The median survival of our GBM patients was 12.0 months, which was comparable to that in the European Organisation for Research and Treatment of Cancer - National Cancer Institute Canada (EORTC/NCIC) trial (12.1 months) [4]. In patients with and without MGMT methylation and undergoing RT alone, the median survival was 15.3 and 11.8 months [5], respectively. Although TMZ significantly improved the median survival in patients with MGMT methylation (from 15.3 to 21.7 months), this was not observed in those without MGMT methylation (from 11.8 to 12.7 months). In the present study, the median survival of patients with galectin-1 overexpression was 10.7 months, which is very similar to the median survival of patients without MGMT methylation. Despite a median survival of 27.9 months in patients with weak galectin-1 expression, the proportion of this favorable group was low, at 32.4%. Due to the lack of test reagents in our hospital, we failed to obtain the MGMT promotor methylation status, which may affect the efficacy of TMZ. In this study, all the patient received brain RT only without planned concurrent nor adjuvant TMZ. Further analysis of the effect of TMZ in patients with weak and strong galectin-1 expression is encouraged.

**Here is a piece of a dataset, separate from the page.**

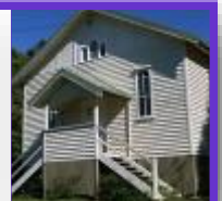
St John Bosco Church 21 Anne Street Kenilworth

St Augustine's Church Palmwoods Mass Time Third Sunday of the Month 5:30pm

Galectin-3 is a common molecule studied in cancer research, especially in colon cancer, whereas only one study [44] involving an animal model has reported that galectin-3 is associated with GBM progression. Regardless, our results do not prove that galectin-3 is a prognostic factor compared with galectin-1. Galectin-1 and galectin-3 are associated with H-ras [45] and K-ras [46] signals, respectively, and H-ras [24, 47,48,49] but not K-ras is involved in GBM progression. Therefore, further in vitro and in vivo research is encouraged to determine the roles of galectin-1 and -3 in GBM radioresistance.

The limitations of this study are its retrospective nature and limited sample size. According to the national law of human research, informed consent for research should be obtained for work performed in our country after 2002. As we could only include patients before 2002, and the sample size was therefore small. Because these patients were treated a long time ago, almost all were dead, their charts were destroyed, and the time to progression could not be confirmed. Nonetheless, the time to progression and the survival time were correlated in patients who underwent imaging follow-up; not all patients were evaluated for time to progression, yet galectin-1 remained a significant factor of GBM progression after RT. In addition, MGMT promoter methylation is associated with patient response to alkylating agents and OS. Because the proportion of MGMT promoter methylation in the included patients was undetermined, it remains unclear whether galectin-1 expression may affect the importance of the MGMT promoter methylation status for prognosis. Future studies are required to analyze the effect of other factors, such as MGMT methylation promoter status.


Ggalectin-1 expression is a poor prognostic factor for patients with GBM treated with adjuvant RT. Studies investigating the targeting of galectin-1 for radioresistance are encouraged in an effort to treat this aggressive brain tumor.